::: DATA TO PROCESS

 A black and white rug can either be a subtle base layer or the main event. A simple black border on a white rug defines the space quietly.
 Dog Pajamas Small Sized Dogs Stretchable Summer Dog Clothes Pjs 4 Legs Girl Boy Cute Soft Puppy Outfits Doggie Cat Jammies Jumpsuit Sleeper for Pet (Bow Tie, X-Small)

::::::
::: DATA TO PROCESS

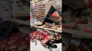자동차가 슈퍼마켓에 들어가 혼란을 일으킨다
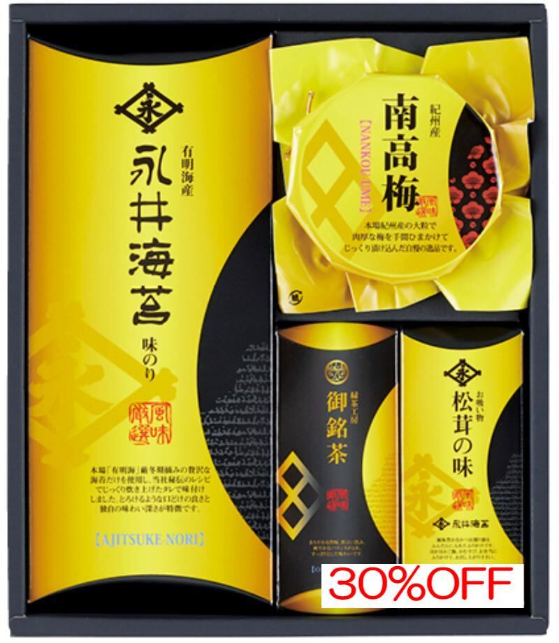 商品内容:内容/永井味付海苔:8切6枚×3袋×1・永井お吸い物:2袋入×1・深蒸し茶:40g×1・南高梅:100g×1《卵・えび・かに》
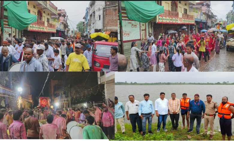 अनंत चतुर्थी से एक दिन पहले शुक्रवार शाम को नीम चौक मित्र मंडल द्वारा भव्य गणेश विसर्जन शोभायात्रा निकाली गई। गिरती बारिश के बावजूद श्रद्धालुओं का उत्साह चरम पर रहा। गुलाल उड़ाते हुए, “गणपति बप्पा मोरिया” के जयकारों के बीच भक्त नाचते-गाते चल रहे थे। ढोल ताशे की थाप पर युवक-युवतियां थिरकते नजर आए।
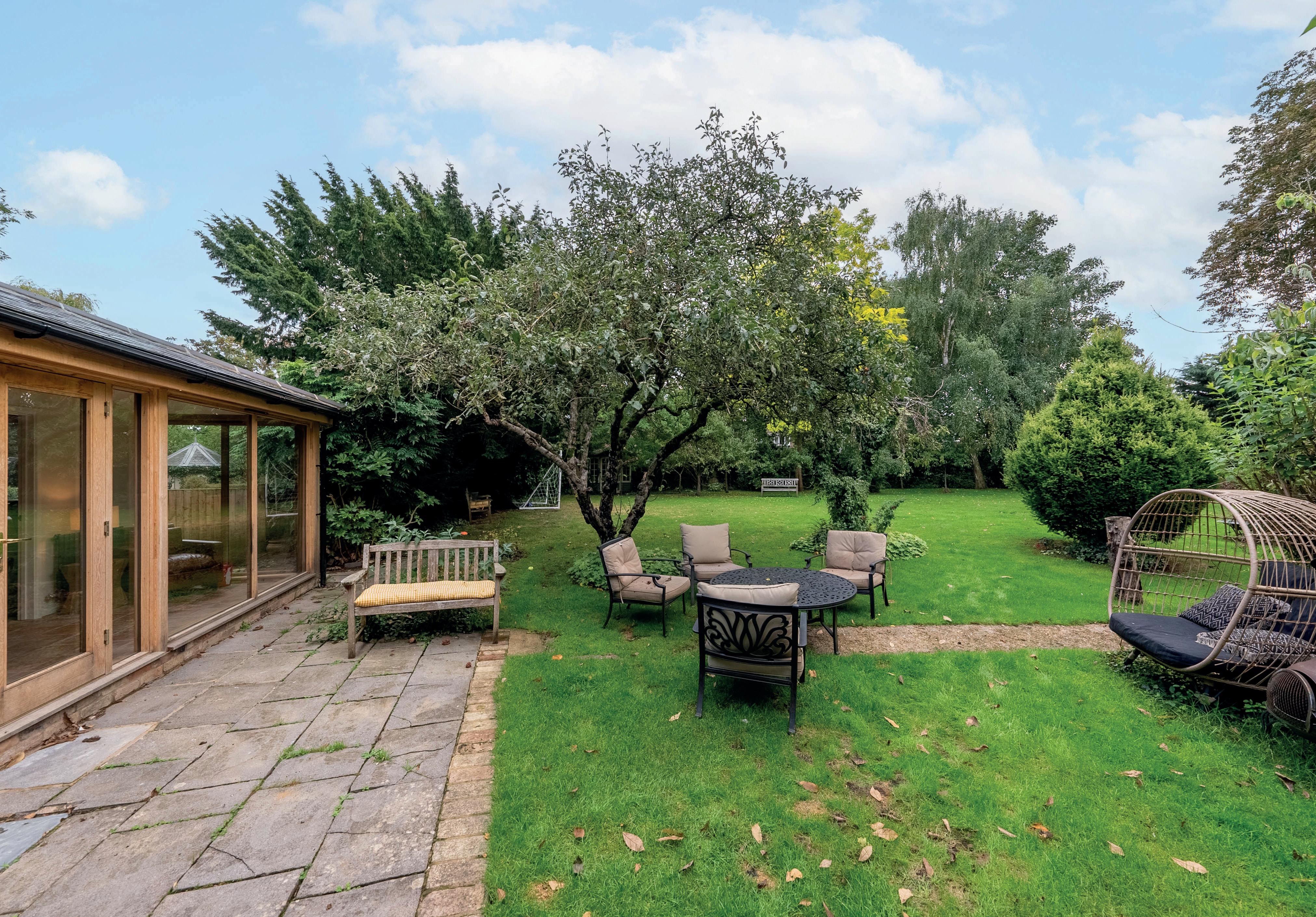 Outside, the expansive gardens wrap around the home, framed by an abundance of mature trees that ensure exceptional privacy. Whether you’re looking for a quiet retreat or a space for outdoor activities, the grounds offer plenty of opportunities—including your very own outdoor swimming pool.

::::::

### WORK REQUIRED
Going back over the entries above, copy word for word every line from the one that has "A black and" on through the one that has "Dog Pajamas Small".

### RESULT OF THE TASK
 A black and white rug can either be a subtle base layer or the main event. A simple black border on a white rug defines the space quietly.
 Dog Pajamas Small Sized Dogs Stretchable Summer Dog Clothes Pjs 4 Legs Girl Boy Cute Soft Puppy Outfits Doggie Cat Jammies Jumpsuit Sleeper for Pet (Bow Tie, X-Small)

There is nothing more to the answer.